AIM OF THE EXERCISE: Would you filter these records and copy every line that has the word "några"?

DATASET EXTRACT:
------------------------------------

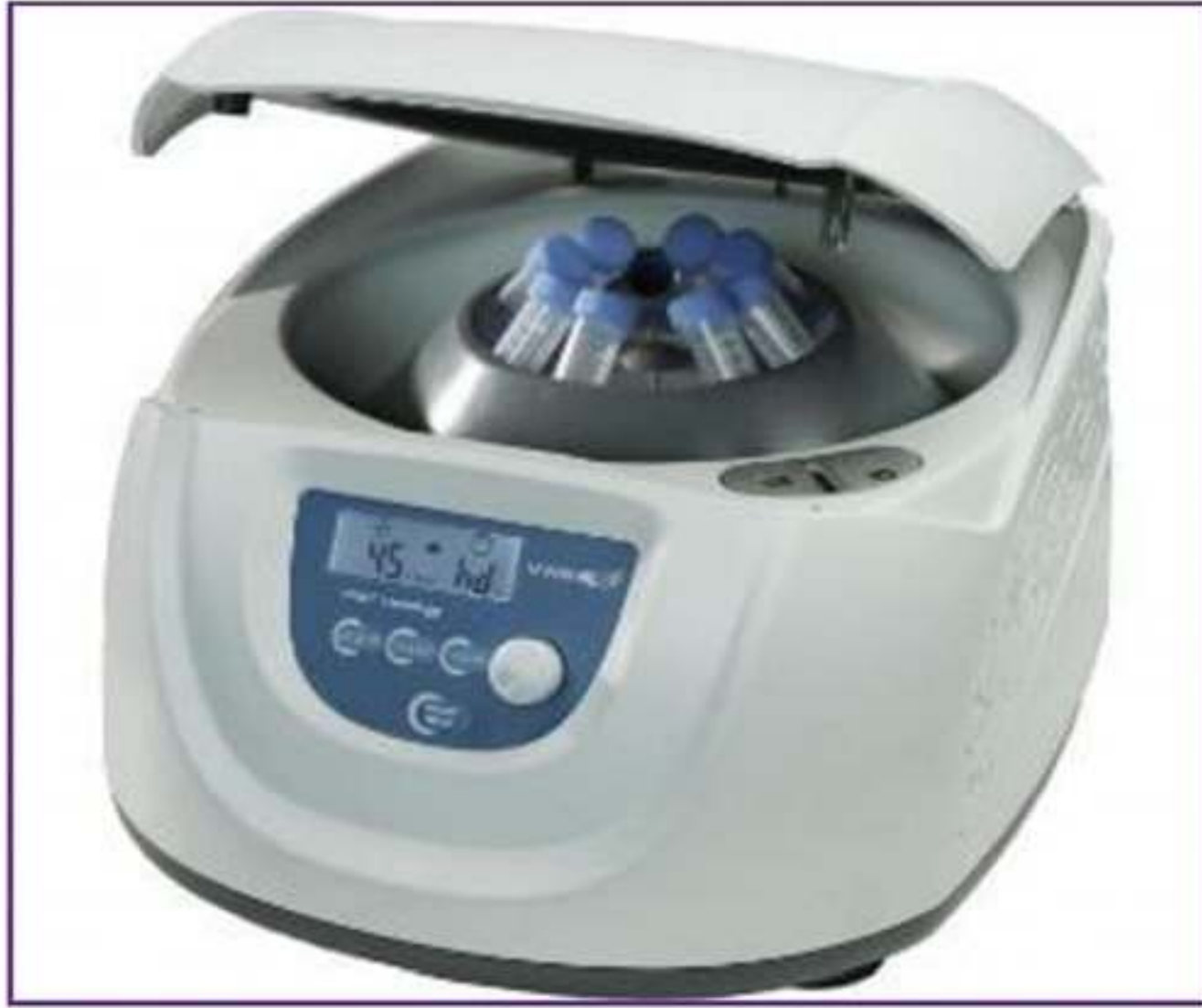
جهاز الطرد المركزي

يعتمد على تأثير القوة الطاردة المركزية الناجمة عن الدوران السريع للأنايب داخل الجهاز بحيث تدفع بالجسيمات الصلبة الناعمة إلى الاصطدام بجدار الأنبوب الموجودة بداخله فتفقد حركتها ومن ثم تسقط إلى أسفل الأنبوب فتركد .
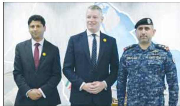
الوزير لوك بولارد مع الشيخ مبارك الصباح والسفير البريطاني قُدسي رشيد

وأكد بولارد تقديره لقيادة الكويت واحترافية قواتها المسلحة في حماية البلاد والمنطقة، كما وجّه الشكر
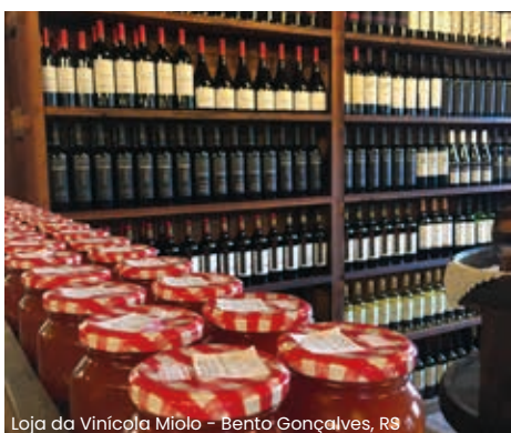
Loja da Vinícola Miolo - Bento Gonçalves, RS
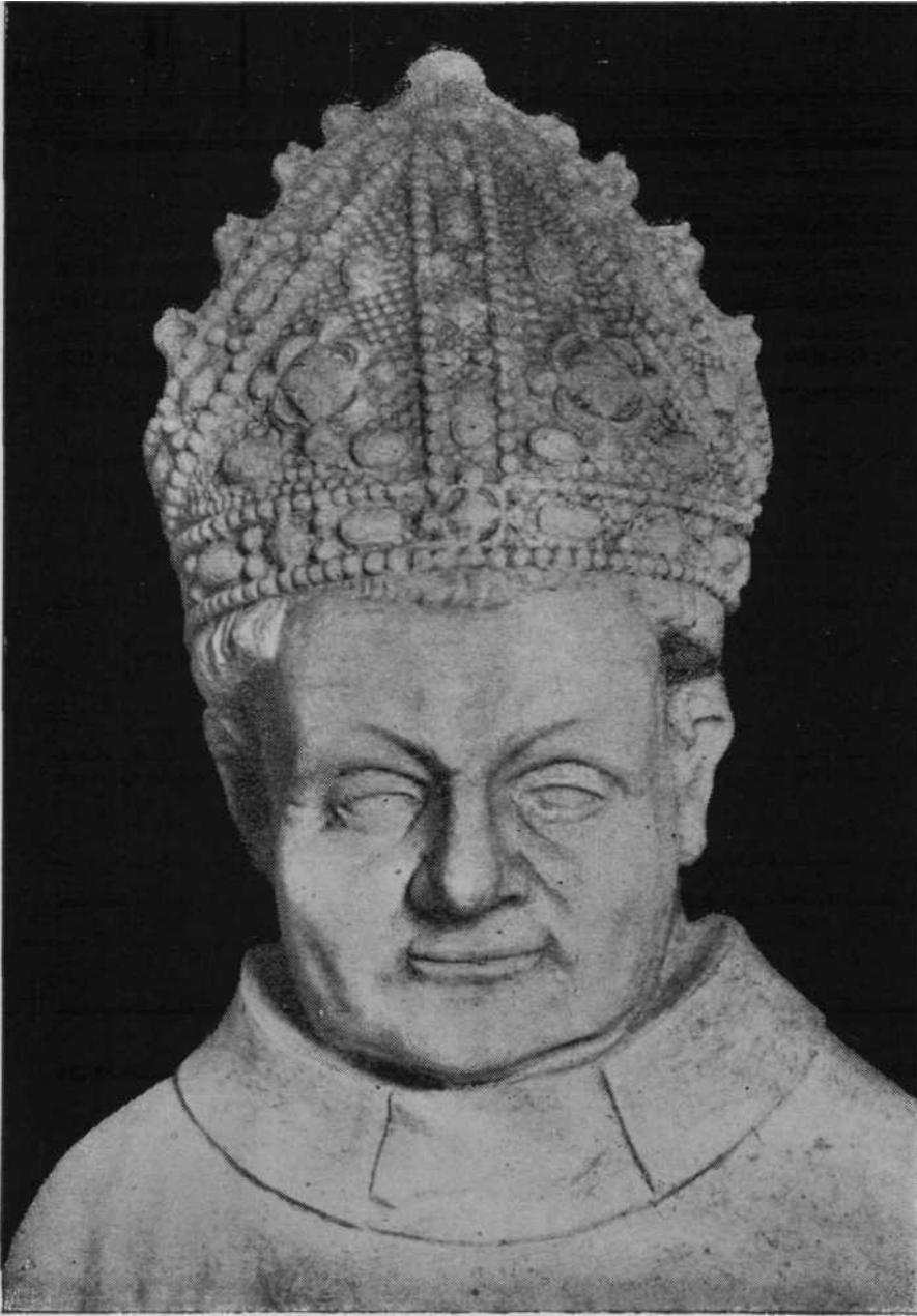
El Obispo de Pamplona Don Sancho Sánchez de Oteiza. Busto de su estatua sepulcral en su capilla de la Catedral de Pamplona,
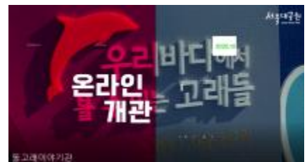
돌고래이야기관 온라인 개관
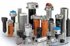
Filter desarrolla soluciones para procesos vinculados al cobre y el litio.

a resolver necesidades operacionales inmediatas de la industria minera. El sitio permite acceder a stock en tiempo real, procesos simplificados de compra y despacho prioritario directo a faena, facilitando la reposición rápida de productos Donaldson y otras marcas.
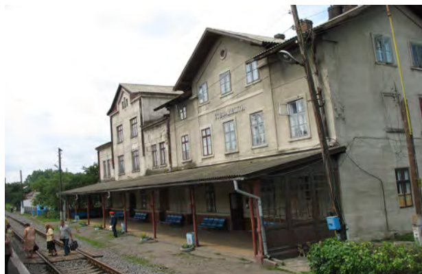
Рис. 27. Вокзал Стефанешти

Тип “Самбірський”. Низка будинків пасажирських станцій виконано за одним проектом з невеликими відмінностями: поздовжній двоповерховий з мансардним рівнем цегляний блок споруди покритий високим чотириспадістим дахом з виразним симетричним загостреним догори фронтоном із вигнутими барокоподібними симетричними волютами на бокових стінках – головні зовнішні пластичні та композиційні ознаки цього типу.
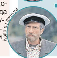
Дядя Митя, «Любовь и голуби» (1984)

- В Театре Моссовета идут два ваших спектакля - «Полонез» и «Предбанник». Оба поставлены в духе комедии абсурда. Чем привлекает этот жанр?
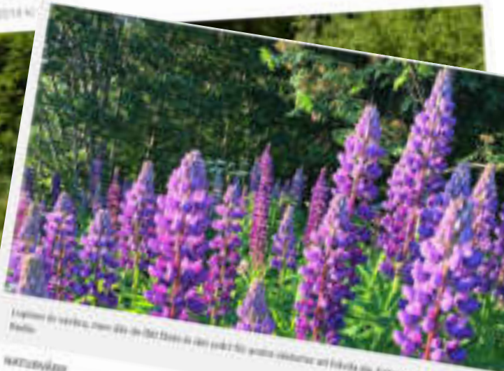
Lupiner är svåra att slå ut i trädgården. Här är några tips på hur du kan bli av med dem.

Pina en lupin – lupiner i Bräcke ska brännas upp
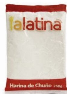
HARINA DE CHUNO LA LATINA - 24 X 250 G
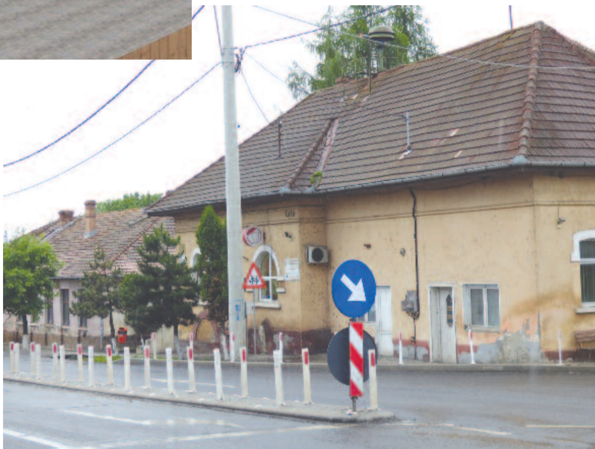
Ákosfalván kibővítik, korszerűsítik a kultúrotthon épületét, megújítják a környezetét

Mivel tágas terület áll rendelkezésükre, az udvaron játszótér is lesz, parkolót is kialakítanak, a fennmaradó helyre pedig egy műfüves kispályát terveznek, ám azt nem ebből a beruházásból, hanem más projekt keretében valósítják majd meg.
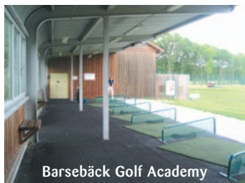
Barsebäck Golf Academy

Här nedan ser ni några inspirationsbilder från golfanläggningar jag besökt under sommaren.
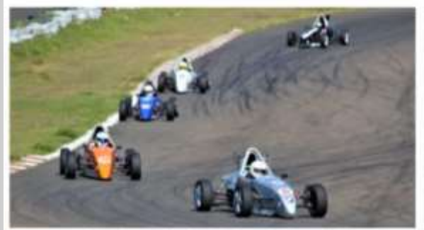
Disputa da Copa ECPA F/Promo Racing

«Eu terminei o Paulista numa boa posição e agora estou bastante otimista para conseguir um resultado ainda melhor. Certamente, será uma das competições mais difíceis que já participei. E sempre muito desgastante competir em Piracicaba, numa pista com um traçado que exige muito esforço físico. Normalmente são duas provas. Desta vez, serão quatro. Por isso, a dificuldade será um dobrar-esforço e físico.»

------------------------------------

ANSWER TO THIS PROBLEM:
Lupiner är svåra att slå ut i trädgården. Här är några tips på hur du kan bli av med dem.
Här nedan ser ni några inspirationsbilder från golfanläggningar jag besökt under sommaren.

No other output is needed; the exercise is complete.